Monday, January 18, 2010
Ordering Custom Software for non-programmers
This post is a little different from most of my others. I am directing it at marketing and management types that order software developed but are not themselves actively involved in software. That might be a little unusual because by Google analytics I know that right now I only have one regular reader (Hi Joseph), but if a management type happens to come across this, more the better.
It's a sad fact that something like 80% of software projects fail (are never completed, miss their target, come in late, over budget or a combination of these). The truth is that software is hard and most (even the development team themselves) underestimate the effort required to complete a project.
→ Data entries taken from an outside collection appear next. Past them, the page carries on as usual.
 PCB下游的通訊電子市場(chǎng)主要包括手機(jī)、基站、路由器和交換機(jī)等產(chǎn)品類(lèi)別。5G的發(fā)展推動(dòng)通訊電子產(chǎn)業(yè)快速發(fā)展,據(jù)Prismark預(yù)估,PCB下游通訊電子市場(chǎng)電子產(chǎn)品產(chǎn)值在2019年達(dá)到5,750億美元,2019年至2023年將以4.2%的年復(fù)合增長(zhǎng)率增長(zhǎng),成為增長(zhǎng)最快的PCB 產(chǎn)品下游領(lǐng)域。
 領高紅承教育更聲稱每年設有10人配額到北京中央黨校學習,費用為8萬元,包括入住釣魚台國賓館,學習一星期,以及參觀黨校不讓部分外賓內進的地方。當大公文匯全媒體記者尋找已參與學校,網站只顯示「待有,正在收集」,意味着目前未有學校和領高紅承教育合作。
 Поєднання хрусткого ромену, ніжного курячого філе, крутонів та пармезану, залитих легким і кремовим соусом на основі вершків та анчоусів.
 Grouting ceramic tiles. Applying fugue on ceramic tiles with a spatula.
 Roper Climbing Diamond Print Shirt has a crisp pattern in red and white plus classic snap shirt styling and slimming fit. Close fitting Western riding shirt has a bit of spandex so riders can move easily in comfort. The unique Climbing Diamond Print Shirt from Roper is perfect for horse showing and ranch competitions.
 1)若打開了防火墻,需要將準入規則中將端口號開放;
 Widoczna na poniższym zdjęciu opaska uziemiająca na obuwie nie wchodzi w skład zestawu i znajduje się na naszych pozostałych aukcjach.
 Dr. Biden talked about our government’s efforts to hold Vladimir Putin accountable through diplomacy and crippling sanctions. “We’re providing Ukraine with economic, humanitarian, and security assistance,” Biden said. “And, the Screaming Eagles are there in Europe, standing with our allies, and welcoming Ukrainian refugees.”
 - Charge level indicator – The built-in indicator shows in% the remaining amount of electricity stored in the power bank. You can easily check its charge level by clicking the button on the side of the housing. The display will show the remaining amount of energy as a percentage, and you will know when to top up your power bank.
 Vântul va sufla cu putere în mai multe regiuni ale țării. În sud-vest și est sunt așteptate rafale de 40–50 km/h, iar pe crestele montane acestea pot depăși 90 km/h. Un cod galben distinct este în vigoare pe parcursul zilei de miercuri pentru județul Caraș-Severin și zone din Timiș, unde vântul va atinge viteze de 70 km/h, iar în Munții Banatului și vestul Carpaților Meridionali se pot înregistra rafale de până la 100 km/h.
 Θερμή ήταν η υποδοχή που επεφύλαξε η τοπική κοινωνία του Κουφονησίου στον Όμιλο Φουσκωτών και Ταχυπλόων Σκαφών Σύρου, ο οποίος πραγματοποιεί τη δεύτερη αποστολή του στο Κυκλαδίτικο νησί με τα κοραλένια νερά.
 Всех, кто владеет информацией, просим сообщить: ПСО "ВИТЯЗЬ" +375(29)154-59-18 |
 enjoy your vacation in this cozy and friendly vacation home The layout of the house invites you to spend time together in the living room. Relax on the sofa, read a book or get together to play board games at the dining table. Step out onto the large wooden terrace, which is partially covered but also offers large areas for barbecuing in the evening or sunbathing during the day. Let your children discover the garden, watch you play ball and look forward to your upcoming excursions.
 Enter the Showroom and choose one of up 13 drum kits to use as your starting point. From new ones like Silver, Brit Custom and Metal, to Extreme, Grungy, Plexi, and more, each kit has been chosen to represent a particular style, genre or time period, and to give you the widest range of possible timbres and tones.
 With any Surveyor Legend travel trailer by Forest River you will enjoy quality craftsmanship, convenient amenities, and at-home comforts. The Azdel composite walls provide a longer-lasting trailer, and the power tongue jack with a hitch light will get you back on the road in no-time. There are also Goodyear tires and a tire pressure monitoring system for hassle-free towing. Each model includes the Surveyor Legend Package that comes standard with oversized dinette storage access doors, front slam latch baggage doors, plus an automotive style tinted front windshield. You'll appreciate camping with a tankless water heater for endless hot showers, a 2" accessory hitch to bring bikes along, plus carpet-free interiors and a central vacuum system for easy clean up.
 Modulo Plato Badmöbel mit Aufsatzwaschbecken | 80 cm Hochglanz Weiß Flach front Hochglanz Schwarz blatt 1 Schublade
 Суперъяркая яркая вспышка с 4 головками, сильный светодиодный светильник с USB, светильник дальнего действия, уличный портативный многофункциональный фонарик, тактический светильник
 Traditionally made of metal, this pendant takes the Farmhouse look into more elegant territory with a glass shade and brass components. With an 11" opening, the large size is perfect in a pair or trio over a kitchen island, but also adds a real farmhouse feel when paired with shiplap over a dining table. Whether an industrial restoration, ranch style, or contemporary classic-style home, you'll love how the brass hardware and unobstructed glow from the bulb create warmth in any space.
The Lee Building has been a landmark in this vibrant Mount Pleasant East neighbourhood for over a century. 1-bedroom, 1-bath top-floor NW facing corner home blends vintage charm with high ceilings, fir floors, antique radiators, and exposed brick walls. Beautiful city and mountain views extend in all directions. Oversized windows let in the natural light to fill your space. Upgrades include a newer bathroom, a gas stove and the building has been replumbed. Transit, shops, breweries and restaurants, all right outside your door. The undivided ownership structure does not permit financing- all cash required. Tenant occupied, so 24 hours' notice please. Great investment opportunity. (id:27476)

The other big problem is that software is almost always a moving target, requirements change constantly. The biggest help a software customer can be is to try and limit these changes to only those necessary. Know what you really want and discuss these wants with the architect for the team doing the work. Talking with marketing is not enough you really must get to the architect or risk your vision being mangled in translation from marketing to development.
First sit down and brain storm, what is the need the software is filling. Think hard on this, figure out exactly the need is. Come up with all the features that would be nice to have, maybe even draw up some quick mock-ups of the UI (if your program needs one). Now that you have that, go back and look at what you REALLY need, tear the software down to it's core features. Those features are your 1.0 software. Go over the whole list, including the wish-list you came up with first, with the architect but set your sight on that basic functionality.
By limiting the scope of the first version you make it significantly more likely that the project will succeed and your software need be fulfilled. Now go back and start meeting with the architect about your wish-list. In subsequent versions add more and more of those features. Until you have the software you dream of. This in my opinion is the best way to get satisfaction out of the software development process.